Abstract

The latest updates (February 2004 and February 2005) of the analysis of the risk of transmission of the agent of Creutzfeldt-Jakob disease (CJD) by blood and blood products in France firstly reported in 2000, were triggered by the two cases of probable transmission of variant CJD (vCJD) by transfusion reported in the UK, and the notification of two French cases of vCJD who had been blood donors on several occasions before clinical onset.
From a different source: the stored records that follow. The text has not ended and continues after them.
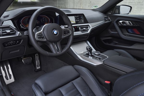 Nekem kicsit sok a háromszög mintázatúra nyomott műanyag az ajtókárpiton, de a beltér minden más része már ismerős, mióta megjelent a G20-as 3-as sorozat. A 2-es kupéban is pontosan az a vezető felé forduló, letisztult műszerfal van az elegáns kis klímapanellel a szellőzők között és az iDrive széles kijelzőjével a középkonzol tetején. A gondtalan és biztonságos utazáshoz minden vezetéstámogató rendszer adott az adaptív távolságtartós tempomattól a sávtartón át egészen a holttérfigyelő rendszerig. A 19 colos felniket és a lökhárítókat a kifogástalan képű 360 fokos kamerával lehet megvédeni parkolás közben. 18,5 milliótól kezdődik az M240i, 1,5 millió forinttal később meg már mindent tud, amit kell az okosságoktól a nagyobb féktárcsáig, nagyobb teljesítményű hűtésig, hogy pályanapon is minden rendben legyen.
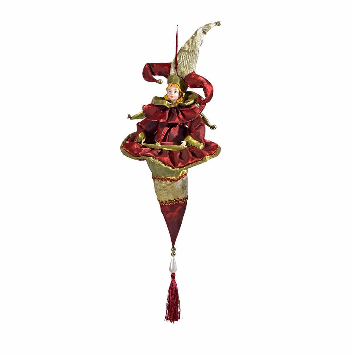 Αρλεκίνος διακοσμητικός υφασμάτινος σε μπορντό και χρυσούς τόνους, για το χριστουγεννιάτικο ντεκόρ του σπιτιού, Ύψος:55 εκ,
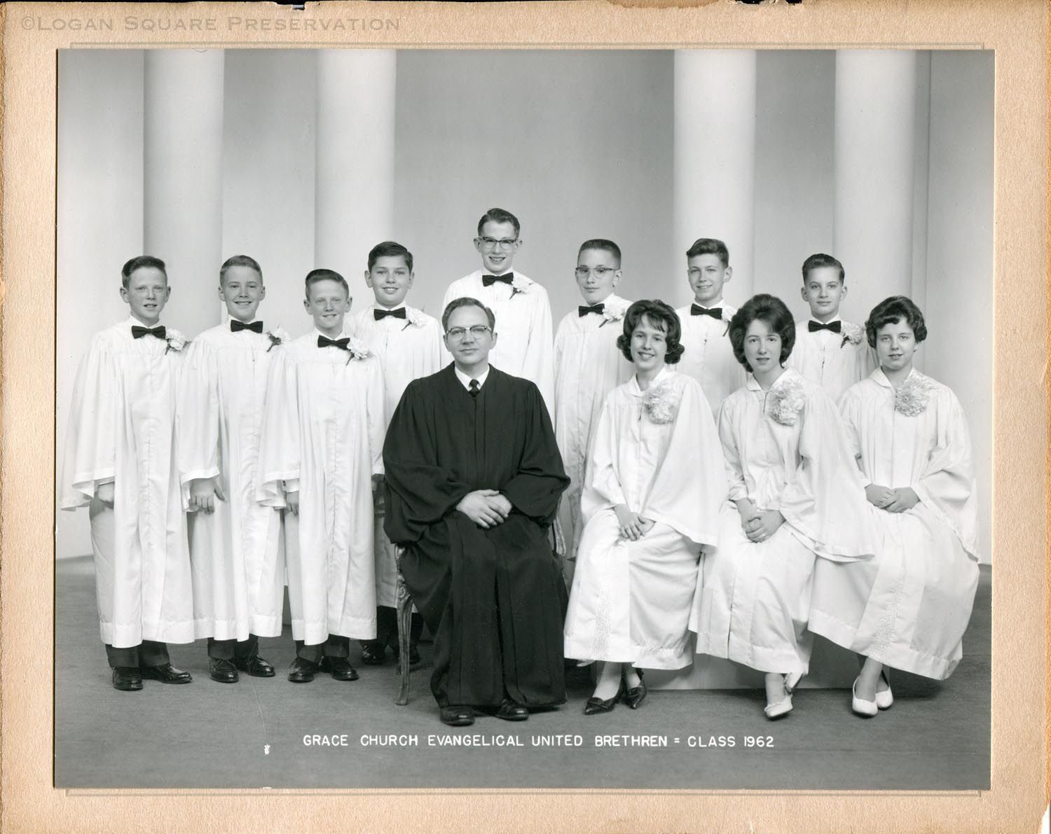 Studio portrait of Grace Church pastor Francis Guither at center of group of confirmands in white robes, identified by Vicki Logan as: Tim Forest, Geoffrey Guither, Terry Forest, Roger Kalinowski, Dennis Wolf, Donald Wolf, Dwayne Logan, Donald Craddock, Bonnie Wojton, Roberta Shorr. Photo mounted on cardboard mat, 1962Photograph Details
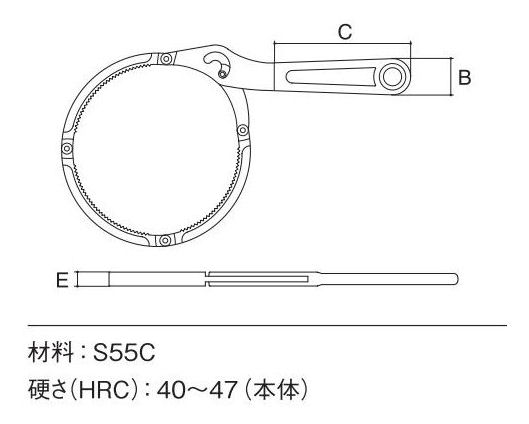 ●オイルエレメントの脱着に。●S55C●適用径(mm):115~140●全長(mm):230
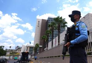 (250407) -- TEGUCIGALPA, 7 abril, 2025 (Xinhua) -- Un policía vigila frente al Banco Central de Honduras, que será la sede de la IX Cumbre de la Comunidad de Estados Latinoamericanos y Caribeños (CELAC), en Tegucigalpa, capital de Honduras, el 7 de abril de 2025. (Xinhua/David del Paz) (dp) (rtg) (ah) (vf)
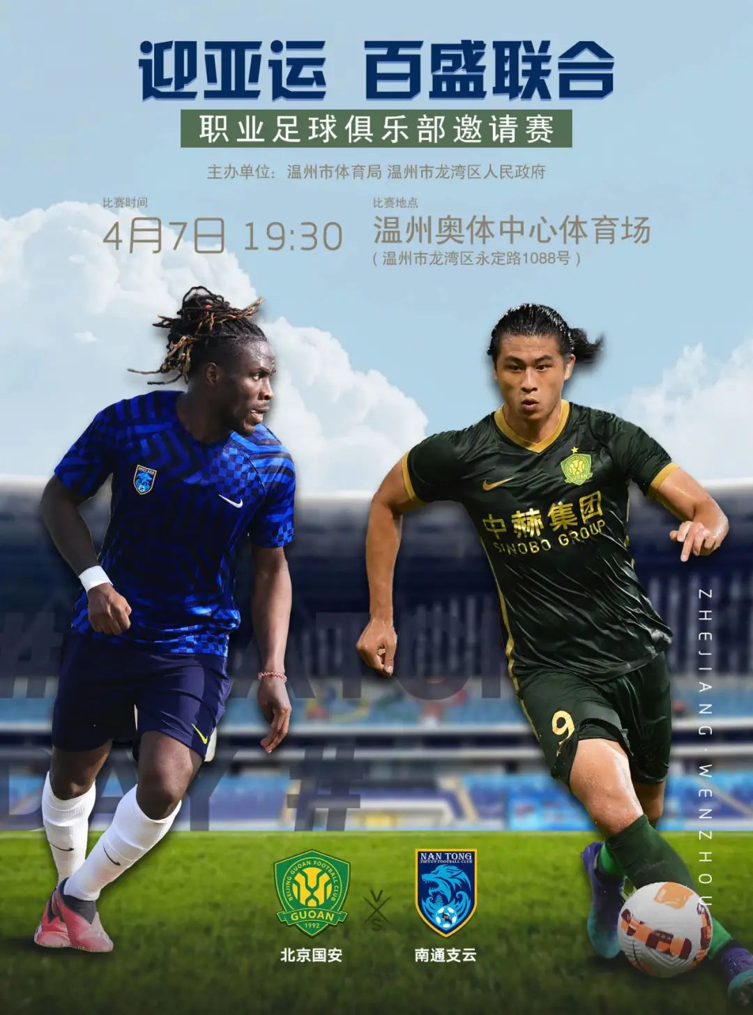 杭州亚运会将于2023年9月23日至10月8日举办。届时,温州奥体中心体育场将承接杭州亚运会足球赛事。为做好亚运足球赛事的筹备工作,4月3日和4月7日,四支中超球队上海申花足球俱乐部、长春亚泰足球俱乐部、北京国安足球俱乐部和南通支云足球俱乐部,将在温州奥体中心体育场两两对决,进行亚运足球测试赛。
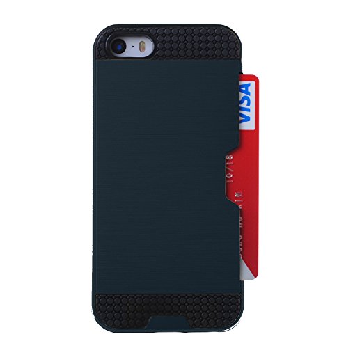 Case Art Plus [Full Degree Protection] Transparent Tempered Glass Screen Protector Film + [Card Slot Bumper] Super Slim Fit Light Case for iPhone 5/5S (Navy)
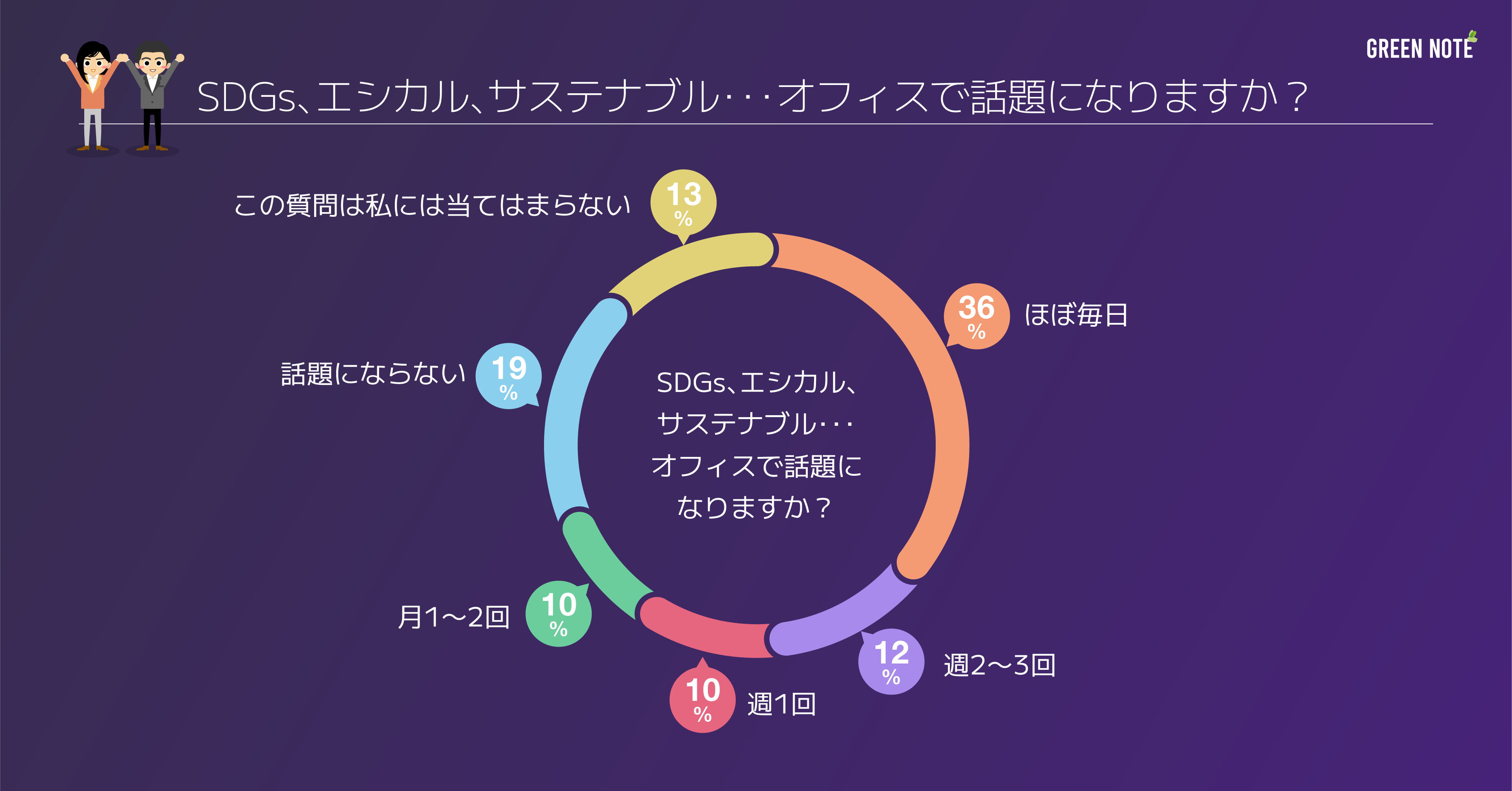 市場調査の結果、約6割が職場で日常的にSDGs関連の話題が上がっている事が分かった結果となりました。
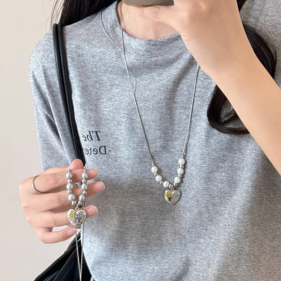甘くてクールなホットガールラブパールネックレス女性のためのインスタイルライト高級ニッチデザインヒップホップネックレス鎖骨チェーンアクセサリー
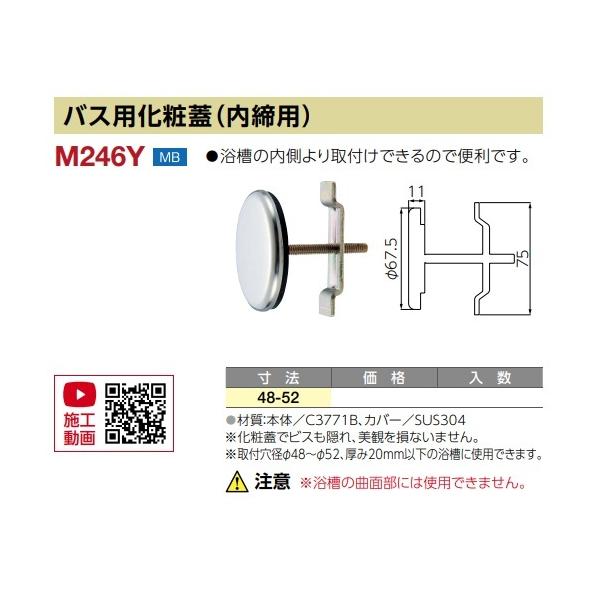 ■ミヤコ 製品 ■バス用化粧蓋 ■M246Y■内締めタイプ(浴槽の内側から施工出来ます)■化粧蓋でビスも隠れて美観を損ないません■取付可能穴径 Φ48〜Φ52■浴槽厚み 20mm以下まで■浴槽の曲面部には使用不可です ※離島は別途送料が掛かります
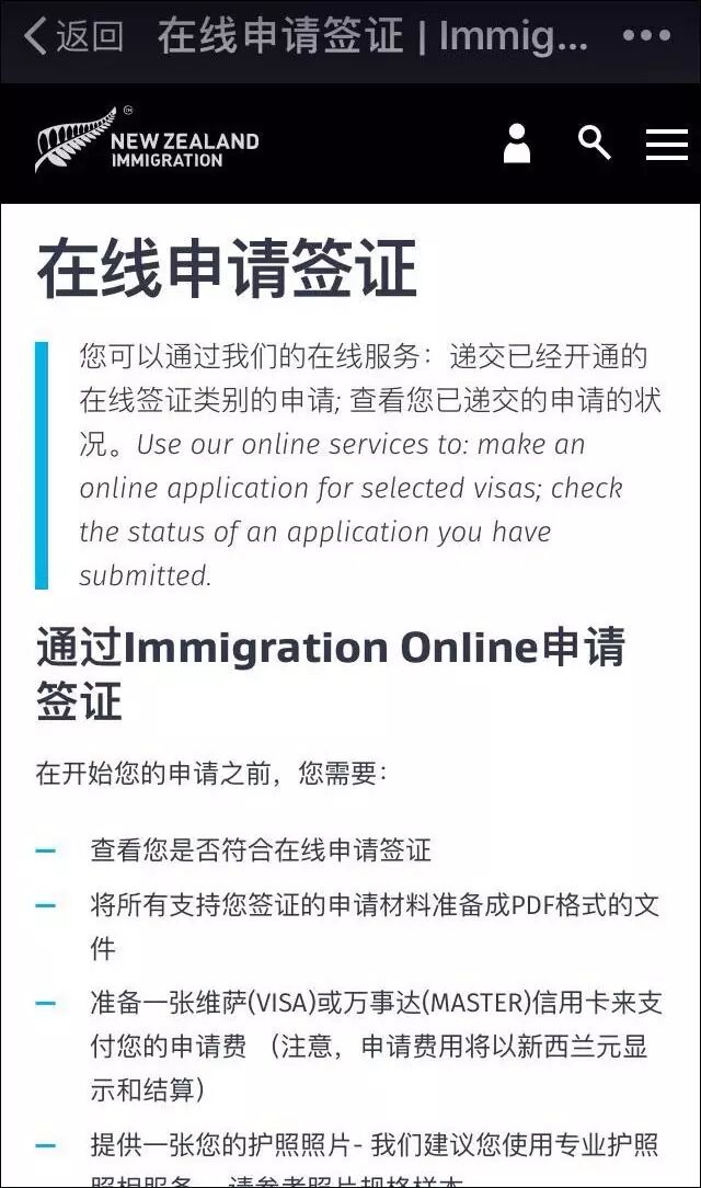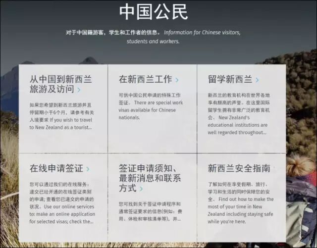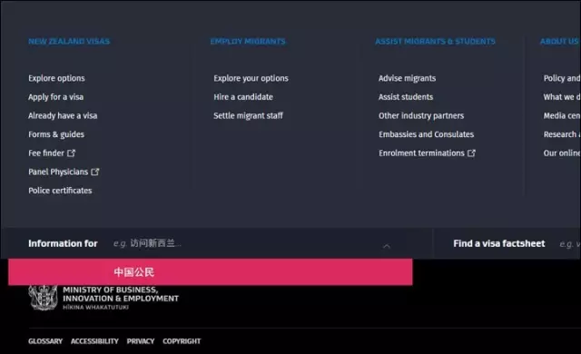 全是英文看不懂?别担心!新西兰移民局非常贴心地推出了中文系统,把页面拉到最下方,选择“访问新西兰”中“中国公民”的选项,跳转到中文页面。
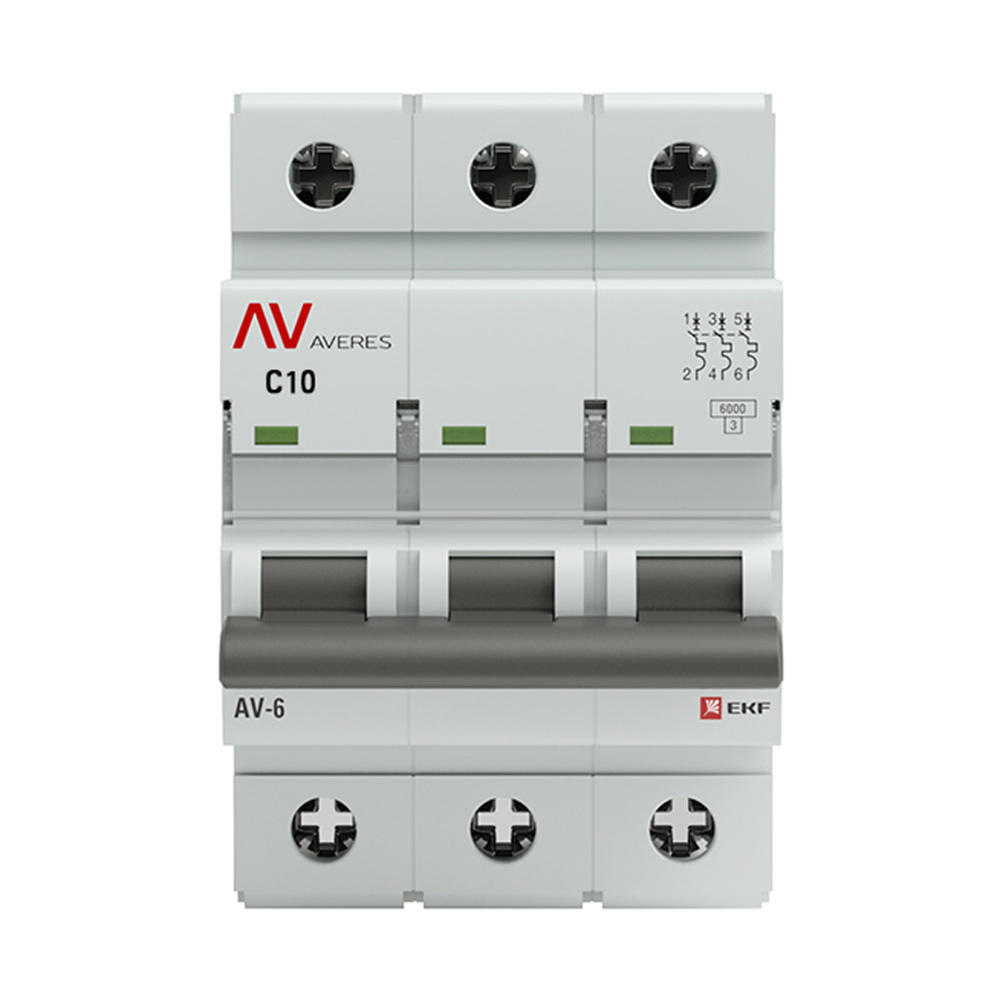 Автоматический выключатель модульный EKF Averes AV-6 3Р 10А тип C 6 кА 400 В (mcb6-3-10C-av)
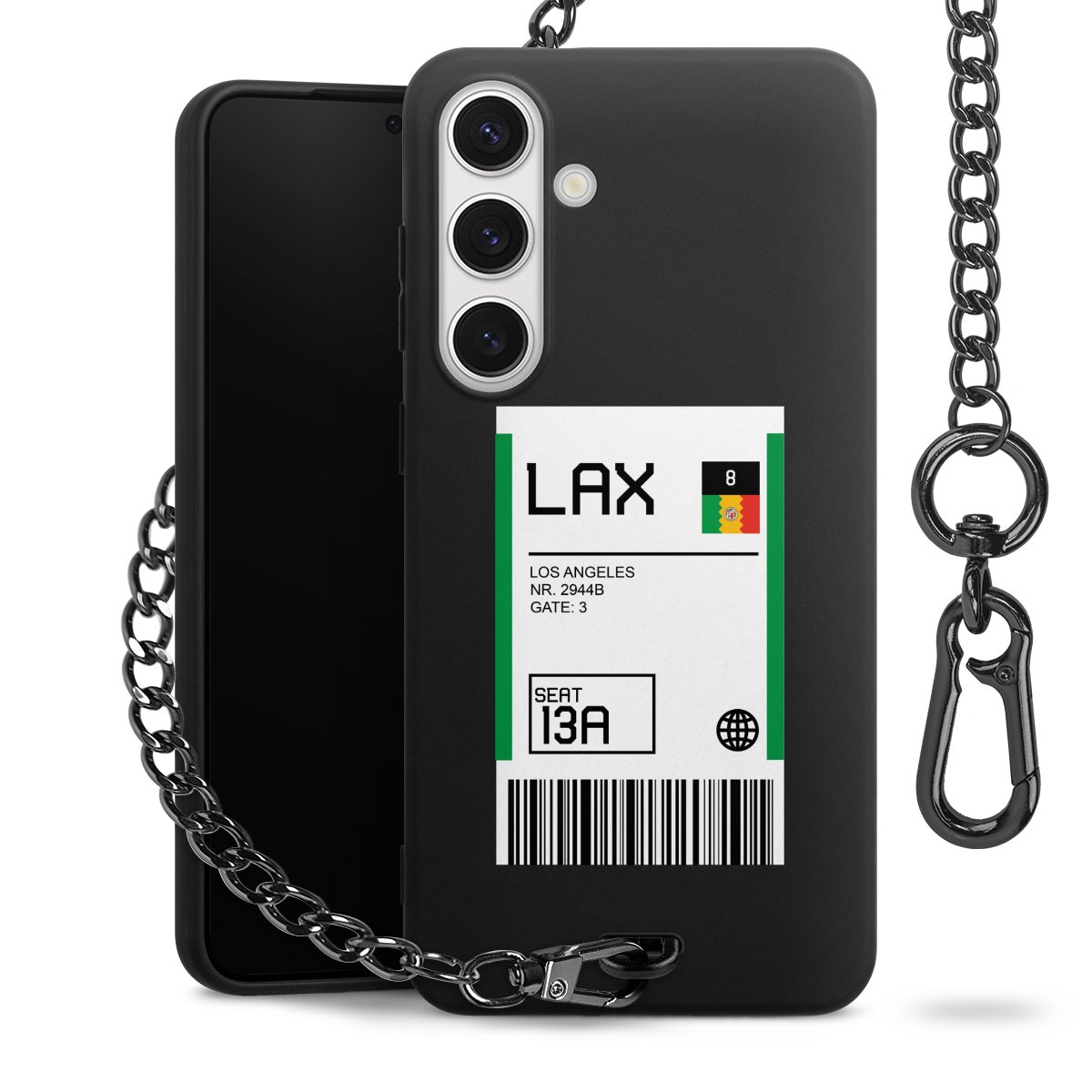 • Mattschwarze Handyhülle mit Metallkette
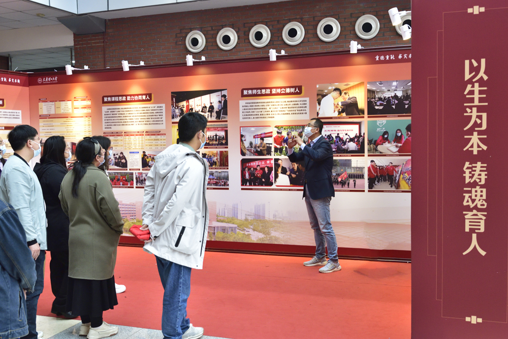 展览共分为“党建统领 举旗定向、思政强基 立德树人、以生为本 铸魂育人、人才强校 崇德尚能、科学研究 创新竞进、团队建设 提质增效、公司产品 以本为本、国际合作 交流融合、以文化人 启智润心、服务保障 强力支撑”等十个方面。通过一幅幅生动、具有重要意义的图片,在场师生充分感受到了公司在十八大以来砥砺奋进的十年中取得的丰硕成果与长足发展。在讲解过程中,刘洪波老师将公司十年来的发展变化,融入公司事业整体发展的进程中,进一步激发参观师生爱校、知校情怀,增强了通过自身拼搏奋斗共创公司美好未来的责任感和使命感。
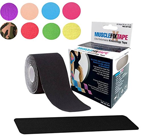 20 STRIPS 25cm x 5cm / 10in x 2in OF PREMIUM QUALITY & ENHANCING PERFORMANCE KINESIOLOGY RECOVERY PRECUT TAPE: Muscle Fix Tape lifts your skin away from muscles increasing the blood circulation, providing fast and effective pain suppression and relief, joint protection, fatigue reduction and support for muscles, ligaments and tendon aches and injuries. Ideal for shoulder, neck, elbow, lower back, knee, ankle and many others. FDA, CE and ISO Certified.
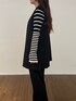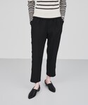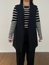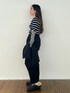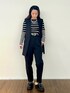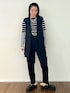 【セットアップ】 ジレ×テーパードパンツのセットアップは鉄板で使える万能アイテム! インナーをニットに変えて秋らしいスタイリングにしました。 ブラックのセットアップはキレイ目に着やすいですが、ボーダーと合わせるとカジュアル感が出てキチンとしすぎず普段使いにも◎ ⚫︎ジレ 01サイズ着用。 サラッと着用しやすいジレは1枚お持ちいただきたいアイテムです。 Vネックラインが綺麗に出てスッキリ感UP 着丈もヒップにかかるくらいなので合わせやすいです。 ⚫︎トップス 02サイズ着用→ワンサイズ リブのフィット感がちょうどよく変なところ(脇や腕周り)が余らないので小柄さんにおすすめです! シルエットが本当に綺麗です。 ⚫︎パンツ 01サイズ着用。 テーパードは着丈の長さがちょうどよく小柄さんおすすめパンツです! 動きやすいけどオフィスにも着れるきれい目パンツは持っておきたいアイテムです。

Even though some figures of the quantitative assumption used in the risk analysis have been modified since 2000, the conclusion as regards the risk for blood cellular component is considered unchanged: it can be assumed that one unit of labile blood products will contain more than one infectious unit if the donor is incubating the disease. Therefore, the residual risk of receiving by transfusion one infectious blood unit is depending on the prevalence of subjects incubating the disease in the blood donor population. For this particular aspect, the expected number of clinical vCJD cases to occur in France has been lowered since 2000. However, the worst-case scenario of 300 cases in the next 60 years has been maintained in the risk analysis, leading to the hypothesis that one blood donor per 120,000 could be infectious. In conclusion, the risk of getting one infectious blood unit is considered probable to a level of 1/120,000, but the benefit outweighs the risk if the use of transfusion is restricted to well justified indications and if patients are informed a priori and a posteriori.